If you are thinking “How does all of this PLC stuff work when I’m the only one who does what I do?” you are most likely a singleton teacher! Examples often include teachers of band, choir, art, auto mechanics, consumer science, technology, psychology, business, drama, nursing, special education, dance, media, agriculture… the list goes on and on. In a small school, you may be the only person who teaches your grade level or subject, which also makes you a singleton!
Most educators understand that they will achieve so much more if they work together and use common assessment data as a basis for making decisions. Great, but who do you create common assessments with if you are the only person who does what you do? Making the problem worse, we often find that schools new to the PLC process leave singleton teachers off collaborative teams altogether or assign them to a team as an afterthought. Ouch! That’s not how we develop a collaborative culture. We can do better!
How to Include Singletons
The critical criteria when forming collaborative teacher teams is that members must share essential learning outcomes. There are at least five team structures that can potentially meet this criteria for singleton educators: 1) interdisciplinary teams, 2) vertical teams, 3) singletons who support, 4) digital teams, and 5) structural change.

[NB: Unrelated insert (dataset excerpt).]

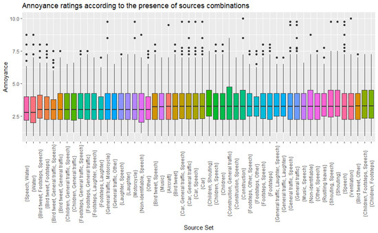 Subsequently, instead of exploring all possible combinations of sound sources (which would be impractical), an approach based on “association rule learning” was used; this is a machine learning method derived from the marketing and product fields for analysing how products tend to appear together in purchase datasets [39]. In the context of this study this was aimed at identifying sets of sounds sources that are more likely to appear together in any labelled recording. However, when looking at the effect of being exposed to acoustic environments with specific sound sources recurring together on noise annoyance, no meaningful differences could be observed. This can be clearly seen in Figure 4, where the distributions of noise annoyance scores are plotted for different groups of recordings with recurring sound sources identified in them. The negative results of these approaches indicated that, contrary to one of the initial primary hypotheses, the particular combination of sound sources which co-occur are not useful for determining annoyance scores for a complex soundscape.
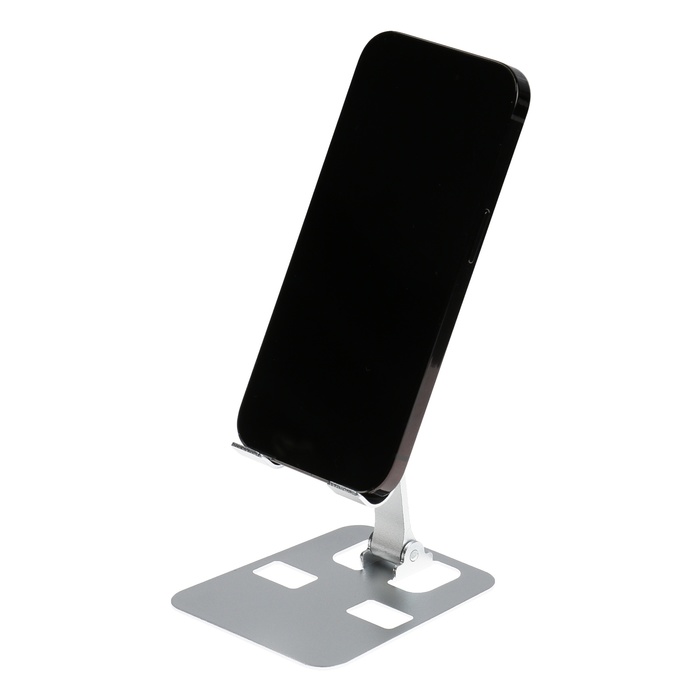 A phone stand, adjustable, folding, metal, rubber inserts, silver

Let’s address one the most common structures. Interdisciplinary teams are comprised of educators who teach different content. They choose to focus on skills they teach that they have in common instead of the differences in their content. For example, business, automotive technology, construction, and nursing teachers might form a career tech team. Although the content is vastly different, they might find that employability skills—like customer service, collaboration, problem solving, communication, writing a resume, and interviewing for a job—are all enduring life skills that matter greatly to the future success of students who may choose any of these vocations as their life’s passion.
Highly functioning interdisciplinary teams choose to focus on enduring skills that transcend content. Once they’ve found skills in common, they create common rubrics, administer assessments, and collect data for the purpose of improving their teaching and responding to student learning. In short, they commit to follow the PLC process by finding what essential skills they have in common with their teammates rather than letting the differences in content be an obstacle.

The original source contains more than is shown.